THE BASIL AND JOSEPHINE STORIES

By

Pub Date: Sept. 1st, 1973
ISBN: 0684826186
Publisher: Scribners

Even if the Jazz Age is long gone, Zelda and Scott are insistently recurrent memories of it, and the best and the brightest live on in that never-never Fitzgerald land of midwestern boys in the great pre-War I era for whom Yale or Princeton (but never Harvard) was the center of a universe populated with breathless women who held the infinite promise of April evenings in their lovely but oh-so-frivolous hands.
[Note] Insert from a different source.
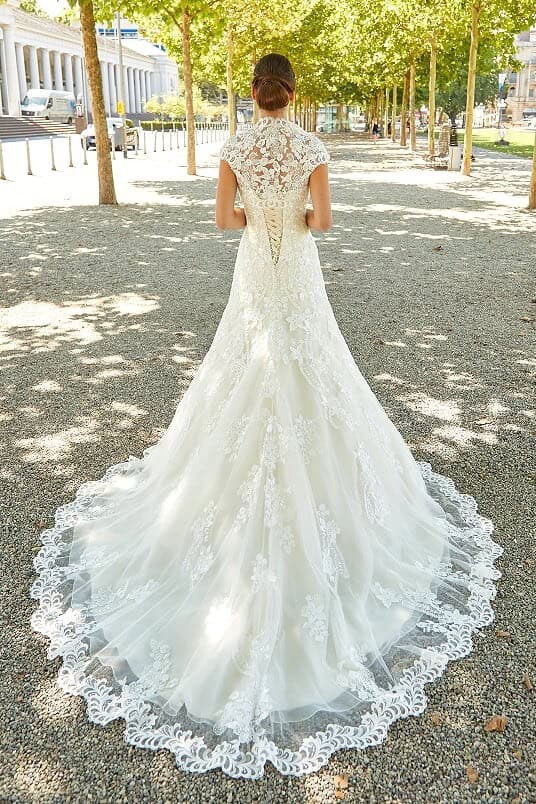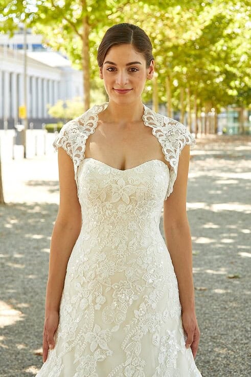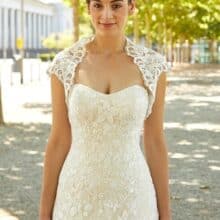 A szív alakú kivágás romantikus karaktert ad. A hozzá tartozó boleró finoman takarja a vállakat. A csipkedíszítés időtlen eleganciát sugároz. A Diane Legrand N30333 ideális választás, ha kényelmes és kifinomult menyasszonyi ruhát keresel. Felpróbálható az Eklektika Esküvői Ruhaszalon szalonban.

Saturday matinees, town houses, college weekends, tea dances at the Plaza -- a lovely dream that Fitzgerald recreated for $3500 a shot for The Saturday Evening Post as he wrote the novel (Tender is The Night) which chronicled the change to nightmare; meanwhile still in love with his younger selves he wrote about? Basil -- who had trouble kissing Minnie Bibble on the veranda of the country club because what actuality could equal the possibility? -- and Josephine, all through at eighteen from discovering that men are only men, not the stuff dreams are made of. Yes, F. Scott was snobbish, childish, and hopelessly naive, and in the minor stories, like these, this comes through dearer than ever; but his hopes and failures were those of an America whose myth had not yet soured -- may he, and it, and us, requiescant in pace.